Fur family proteins typically require metal ions in order to bind to DNA and exert their transcriptional regulatory activities (30). To determine if Brucella Zur requires metal ions, EMSAs were performed with the chelator EDTA added to the binding reaction mixtures (Fig. 3B). The addition of EDTA abolished the binding of rZur to the znuA-znuC intergenic region DNA, indicating that metal ions are necessary for the binding of Brucella Zur to DNA. Importantly, the addition of excess Zn²⁺ to a binding reaction mixture containing EDTA was able to rescue rZur binding to the znuA-znuC intergenic region DNA, but the addition of other divalent metal cations, such as Fe²⁺, Mn²⁺, Mg²⁺, Ni²⁺, and Cu²⁺, was not capable of restoring interactions between rZur and the DNA. These data support the proposition that Zur is a Zn-responsive transcriptional repressor that directly regulates the expression of znuA and znuBC-zur in B. abortus 2308.

ZntR binds directly to the zntA promoter region to control gene expression.

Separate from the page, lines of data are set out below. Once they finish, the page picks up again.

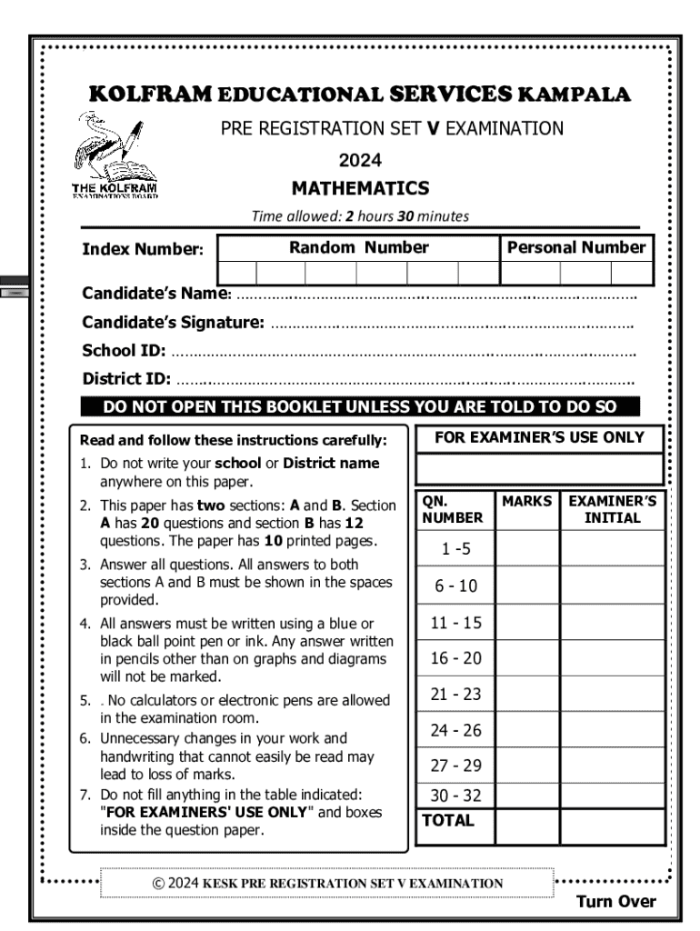 6KOLFRAM EDUCATIONAL SERVICES KAMPALA PRE REGISTRATION SET V EXAMINATION 2024 MATHEMATICS Time allowed: 2 hours 30 minutes Index Number:Random NumberPersonal NumberCandidates Name: .......... Candidates
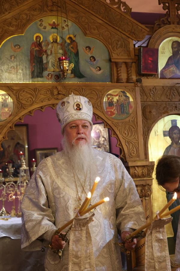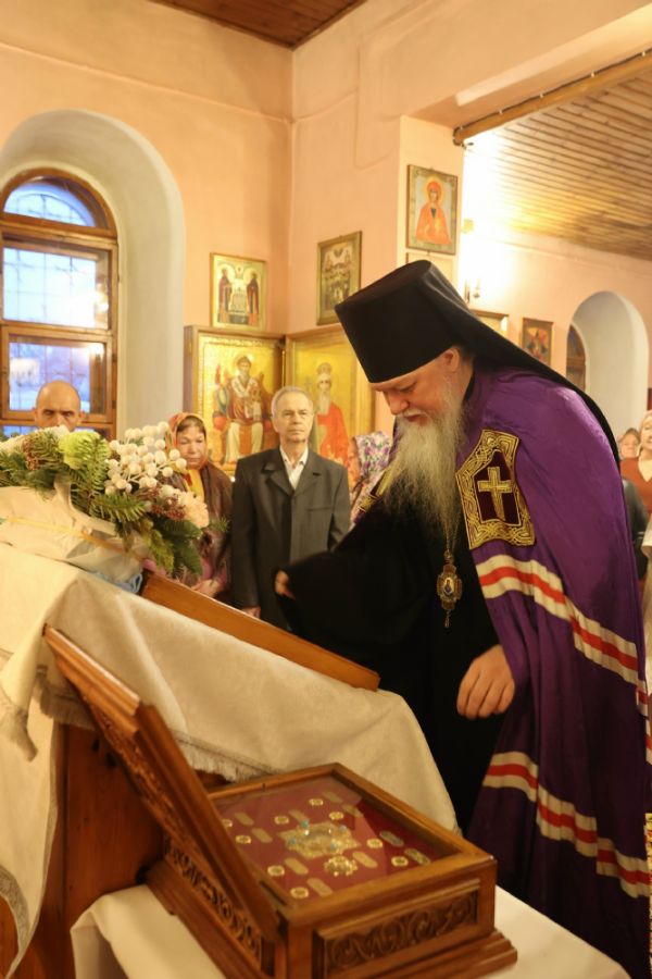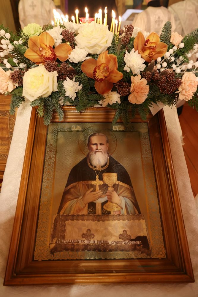 По окончании Литургии епископ Феофан совершил славление и вознес молитву перед образом святого праведного Иоанна Кронштадтского.
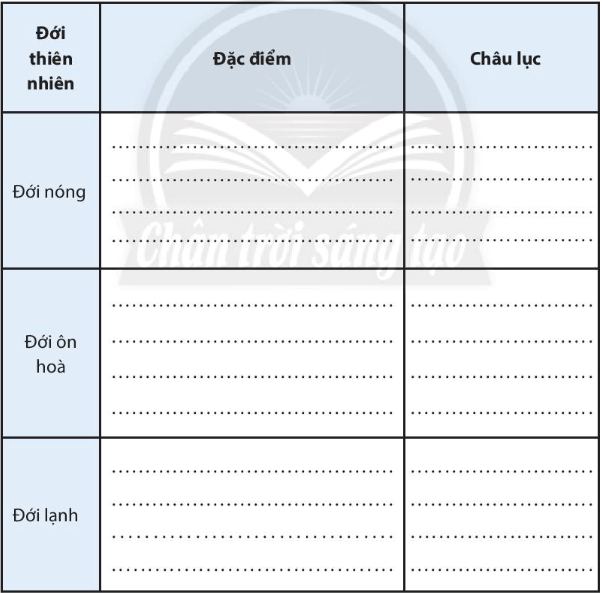 Câu 3 trang 66 sách bài tập Địa Lí 6: Dựa vào hình 20.3 và thông tin trong SGK, em hãy nêu một số đặc điểm của các đới thiên nhiên trên thế giới và kể tên các châu lục thuộc đới thiên nhiên đó.

The putative ZntR protein encoded by bab1_2018 in B. abortus 2308 is a MerR family transcriptional regulator. These proteins usually function as transcriptional activators by binding to and bending DNA to expose a functional promoter (29, 31). Given the link between ZntR and zntA expression in Brucella (Fig. 1C and 2), it was hypothesized that ZntR binds to the zntA promoter region, and to test this hypothesis the Brucella ZntR protein was produced in E. coli and purified by affinity chromatography. The purified recombinant ZntR (rZntR) was then used in EMSAs with radiolabeled zntA promoter DNA, and as expected, rZntR bound with high affinity to the zntA promoter region DNA (Fig. 4A). Importantly, the addition of excess unlabeled zntA promoter DNA inhibited binding between rZntR and the labeled zntA DNA, and, moreover, inclusion of excess cueO promoter region DNA did not affect binding of rZntR to the zntA promoter. Additional negative controls were also included (Fig. 4B), and here it was shown that rZntR does not interact with DNA corresponding to the znuA-znuC intergenic region or the promoter of virB.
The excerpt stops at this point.